Respecto del hábito de disponer todo lo que estaba a su alcance en un orden inalterable y estricto, fue catalogado por un especialista como un desorden obsesivo compulsivo. Lo único que le molestaba en el diagnostico era la palabra “desorden”. Cual fuera la dolencia, si era tal, era un mal menor respecto de los beneficios que reportaba.
Las experiencias gratificantes eran escasas, pero había encontrado la receta para rescatarlas tal como si hubiera encontrado la fórmula de cómo ubicar la aguja en un pajar. Se había tomado el trabajo -exhaustivo, por decir lo menos- de catalogar las secuencias precisas y fijarlas en procesos invariables, tan exactas como las leyes de gravedad.

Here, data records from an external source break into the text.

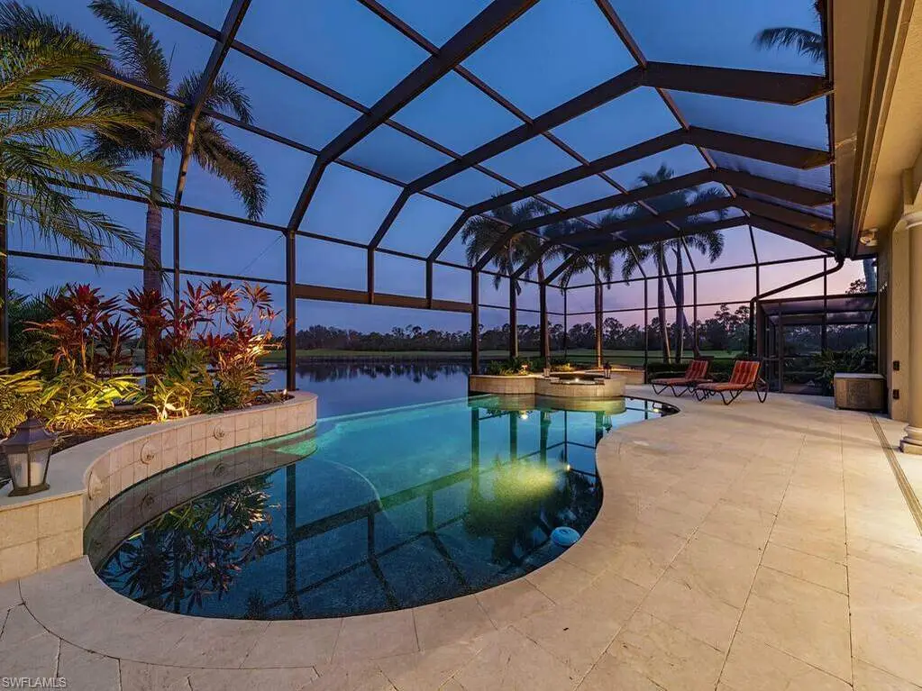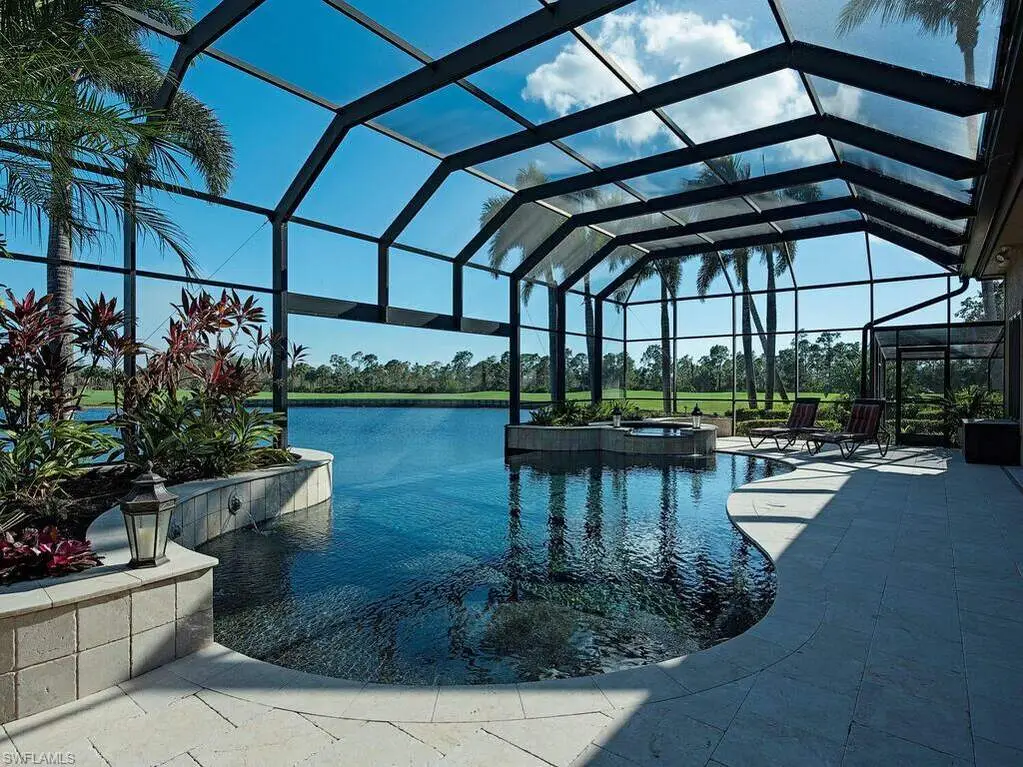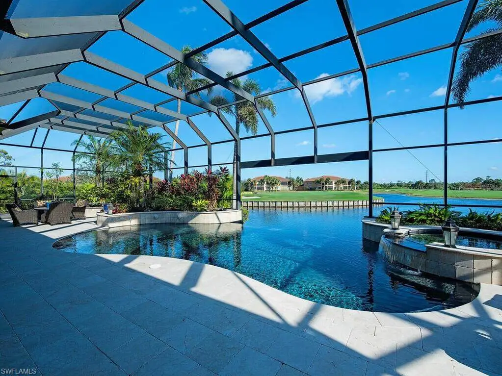 Pool with sun deck and spa overlooking Shadow Wood Preserve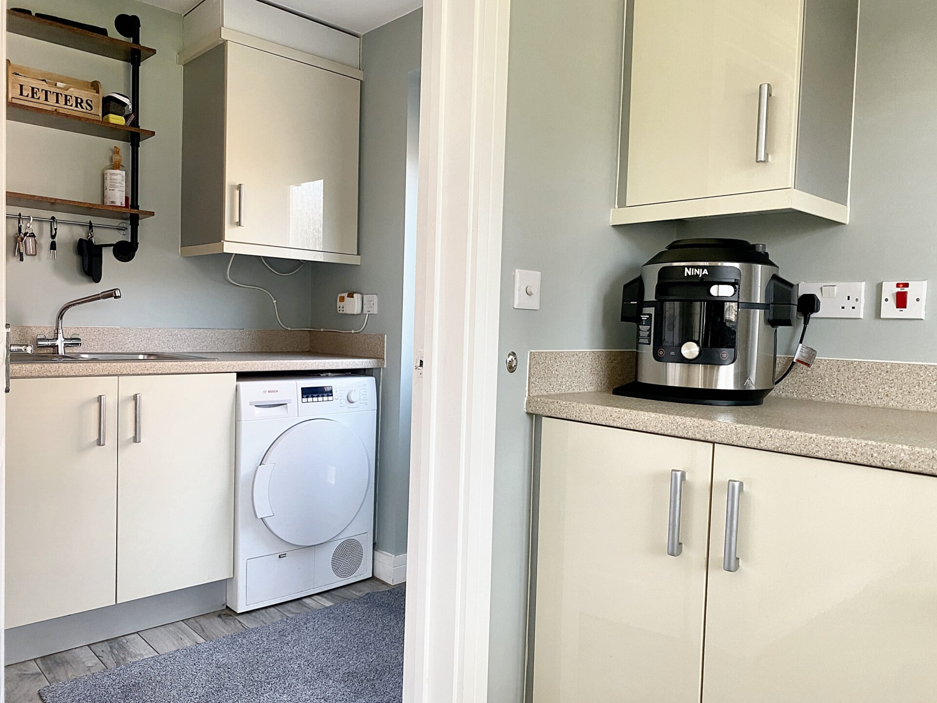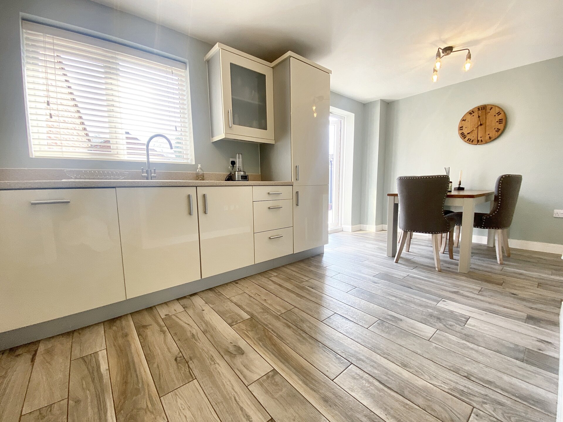 Modern high gloss slab designed units in a a range of base and wall units, stainless steel sink and drainer with chrome mixer tap over, laminate worktop and matching up-stands. With under-counter space & plumbing for a freestanding washing machine. Convenient composite side access door leading directly to the driveway.
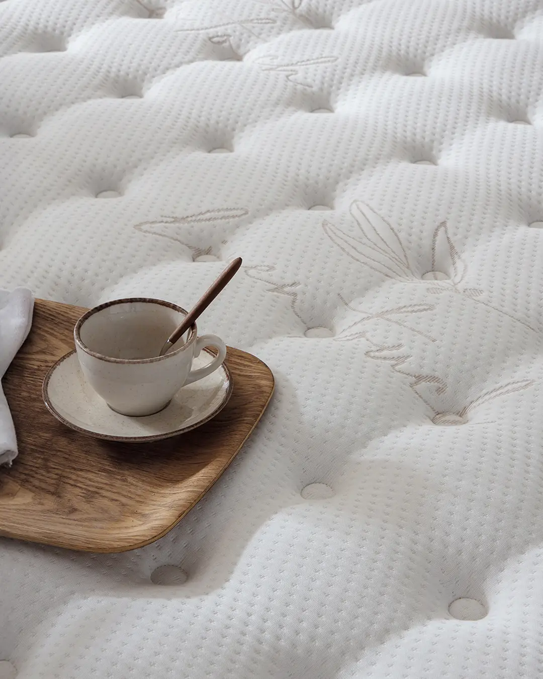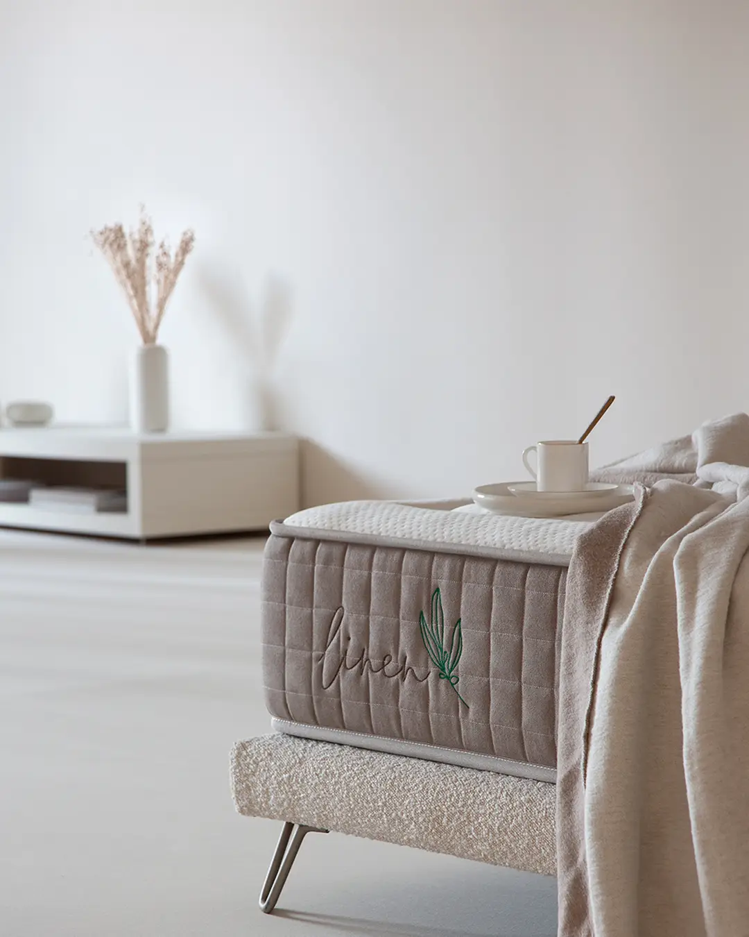 El lino tiene una cualidad especial: se siente ligero, con una textura natural y una presencia elegante. Pero, sobre todo, aporta una sensación de frescura al contacto, como si el colchón “respirara” desde el primer momento. Esa ligereza se traduce en un descanso menos cargado, con más sensación de aire y mayor comodidad a lo largo de la noche.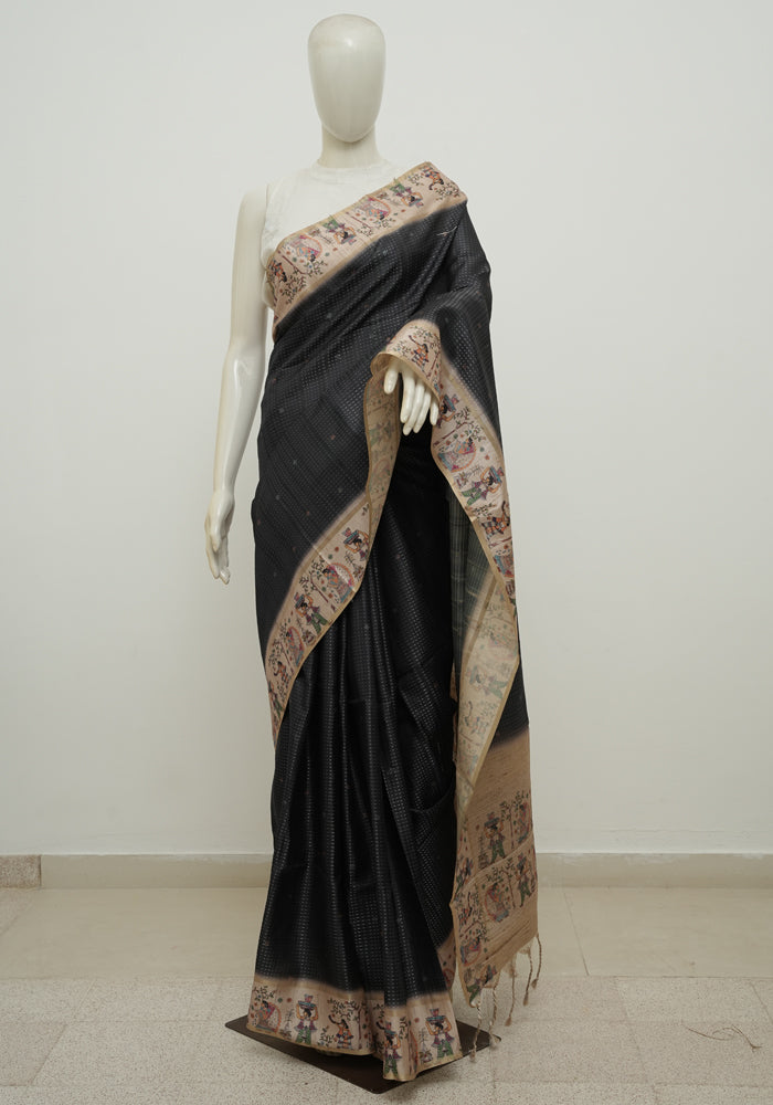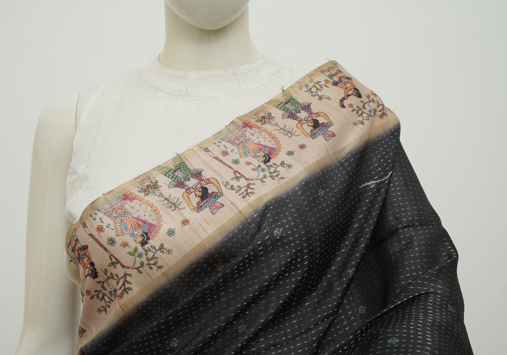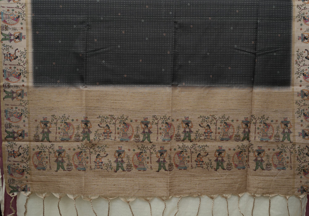 Black and Beige Semi Tussar Saree with Kanta Printed Pallu and Blouse

Queda claro que este protocolo era válido en aquellos sucesos privilegiados y de influencia remota -pero definitiva- sobre el entorno. Tanto hacían a la estabilidad universal, como eran ignorados en su importancia por la mayoría, aunque listados pueden sonar intrascendentes. Así, lavarse las manos, cerrar adecuadamente las puertas, las llaves del gas, ordenar el escritorio -y no menos- respetar el tiempo en cruzar la calle, estaban ejecutados en función del equilibrio cósmico. Le consumía la mayor parte del día -y a veces de la noche- llevar a cabo con precisión su ineludible deber, pero lo animaba el saber que el universo se mantenía en pie gracias a su sacrificio y no había colapsado a pesar de los pronósticos. El resultado estaba a la vista.